You are viewing a plain text version of this content. The canonical link for it is here.
Posted to java-user@lucene.apache.org by raistlink <el...@gmail.com> on 2009/05/18 11:42:02 UTC

Max size of index? How do search engines avoid this?

Hi,
I think I've read that there is a limit for de index, may be 2Gb for fat
machines. If this is right I ask you for good resources (webs or books)
about programming search engines to know about the techniques used by big
search engines to search among such huge data.

Thanks
-- 
View this message in context: http://www.nabble.com/Max-size-of-index--How-do-search-engines-avoid-this--tp23594241p23594241.html
Sent from the Lucene - Java Users mailing list archive at Nabble.com.

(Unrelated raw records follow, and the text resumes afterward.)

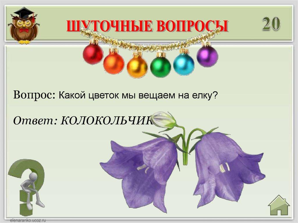 Вопрос: Какой цветок мы вещаем на елку?Ответ: КОЛОКОЛЬЧИК
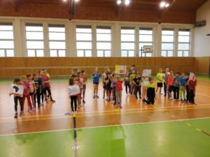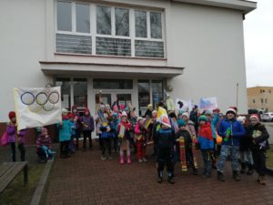 Když byly veškeré přípravy dokončeny, vyšel slavnostní olympijský průvod směrem k tělocvičně – dějišti her. Na začátku průvodu nadějných olympioniků nechyběla nezbytná pochodeň, na konci průvodu pak vlál obrovský transparent s olympijskými kruhy. Přestože v tělocvičně nebyl sníh ani led, děti se s nadšením pustily do sportovních klání. Soutěžilo se v curlingu, rychlobruslení, běhu na lyžích a biatlonu. Nutno říct, že výběr sportovního náčiní byl velmi nápaditý, a žáci se na jeho výrobě mohli také podílet. Po závěrečném vyhlášení výsledků zbyl čas i na „skok na lyžích bez lyží“ – oblíbenou disciplínu, jejíž provedení bylo oceňováno smíchem.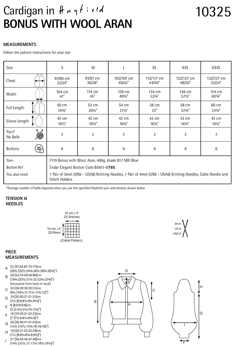 1 Pair of 5mm (UK6 – USA8) Knitting Needles, 1 Pair of 4mm (UK8 – USA6) Knitting Needles, Cable Needle and Stitch Holders. 6 buttons.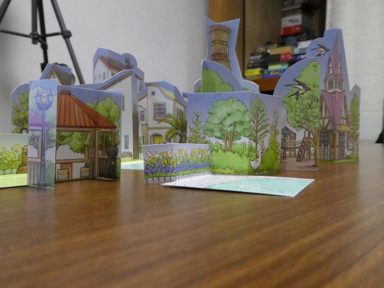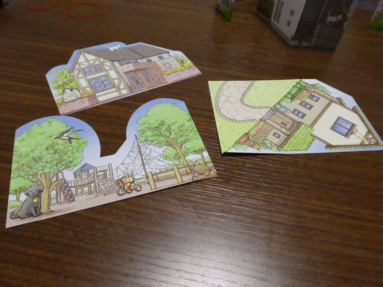 ゲームの準備は、まず建物を組み立てテーブルに一列に並べます。

---------------------------------------------------------------------
To unsubscribe, e-mail: java-user-unsubscribe@lucene.apache.org
For additional commands, e-mail: java-user-help@lucene.apache.org


Re: Max size of index? How do search engines avoid this?

Posted by mark harwood <ma...@yahoo.co.uk>.
>techniques used by big search engines to search among such huge data.

Two keywords here - partitioning and replication.

Partitioning is breaking the content down into shards and assigning shards to servers. These can then be queried in parallel to make search response times independent of the data volumes being searched. I seem to remember a quote that a single Google search currently gets spread across ~1,000 servers in parallel.

Replication is about handling user volumes - take each shard and assign it to many replica servers then load balance requests across them to spread the load. This also gives you redundancy and helps in recovery from machine failure.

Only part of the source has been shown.